Interfaith World - David E. Anderson


A Reader's Digest Article Critical of the Interfaith World...

By DAVID E. ANDERSON, UPI Religion Writer



WASHINGTON -- A Reader's Digest article critical of the interfaith World Council of Churches was called 'biased and unfairly negative' Tuesday by a group of U.S. church leaders, many of them the heads of their denominations.

The council is made up of 304 Protestant and Orthodox religious bodies from around the world.

A statement signed by leaders from a broad range of U.S. Protestant and Orthodox denominations signed the statement calling the article 'a biased and unfairly negative view of the World Council unsubstantiated by facts,' and saying it was 'contrary to the realities we have personally experienced.'

The article, in the August edition of the 31-million circulation magazine, was titled 'Karl Marx or Jesus Christ?' and written by roving editor Joseph A. Harris.

Harris charged that money from the council's special voluntary fund, the Programme to Combat Racism, was used to support revolutionary guerrilla movements and 'Soviet front' groups.

The article also said the council has become political as 'its initial goal of Christian unity withered over the years.'

Charles Pintchman, spokesman for Reader's Digest in Pleasantville, N.Y., said the magazine 'stands by' the article.

'It was carefully researched and thoroughly documented. It speaks for itself. We do not feel any purpose would be served by responding to the WCC charges,' he said.

In their reply, the American church leaders challenged the contention the Council has abandoned the cause of Christian unity and specifically cited an agreement on Baptism, Eucharist and Ministry reached earlier this year in Lima, Peru.

Considered by many theologians to be a major ecumenical breakthrough, the Lima agreement climaxed 50 years of interfaith work on some of the thorniest doctrinal issues dividing the world's Christian churches.

The U.S. leaders said the agreement shows Christian unity 'remains the vital heart of the Council's life and is primary among its purposes.'

In their statement, the U.S. leaders said they became aware of the Digest article while in Geneva for a meeting of the Council's Central Committee 'with our sisters and brothers from around the world.'

'We were therefore particularly dismayed to see that it begins by demeaning some of them as 'Bible-toting' and continues by describing others in terms of superficial stereotypes and code words which obscure the rich Christian community that we experience in the World Council of Churches.'

'To dismiss our friends and colleagues as 'anti-Western,' 'anti-capitalist,' 'Marxist,' 'leftist' etc., is to do them an injustice,' the U.S. church officials said. 'It is also to do a disservice to the readers of the Digest, many of whom are members of the churches we serve.'

Signers of the statement included: Presiding Bishop John Allin of the Episcopal Church; Dr.

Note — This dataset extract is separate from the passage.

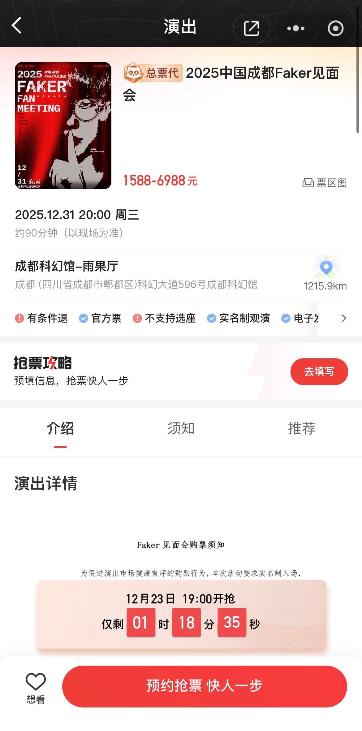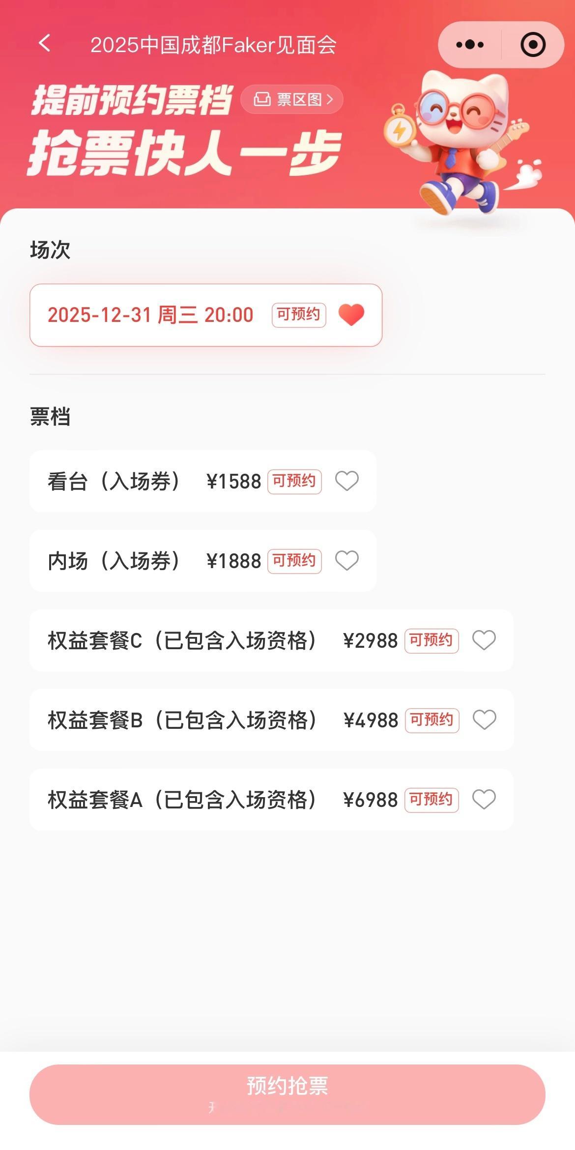 真全年无休啊!Faker官宣成都见面会今晚七点开始抢票 ,看了下价格1588-6988,虽然是跨年那天但感觉还是小贵成都今年举办了S赛,没多久faker又来成都,成都对电竞的支持力度算是相当大Faker成都见面会bin说xun很适合blg竞技游戏

Arie Brouwer, head of the Reformed Church in America; Dr. Robert Campbell, head of the American Baptist Churches in the U.S.A.; Dr. Paul Crow, chief ecumenical officer of the Christian Church (Disciples of Christ); Bishop James Crumley, president of the Lutheran Church in America; the Rev. John Groenfeldt of the Moravian Church in America (Northern Province); Dr. Robert Huston, chief ecumenical officer of the United Methodist Church; the Rev. John Meyendorff of the Orthodox Church in America; Dr. Avery Post, president of the United Church of Christ, and William Thompson, Stated Clerk of the United Presbyterian Church in the U.S.A.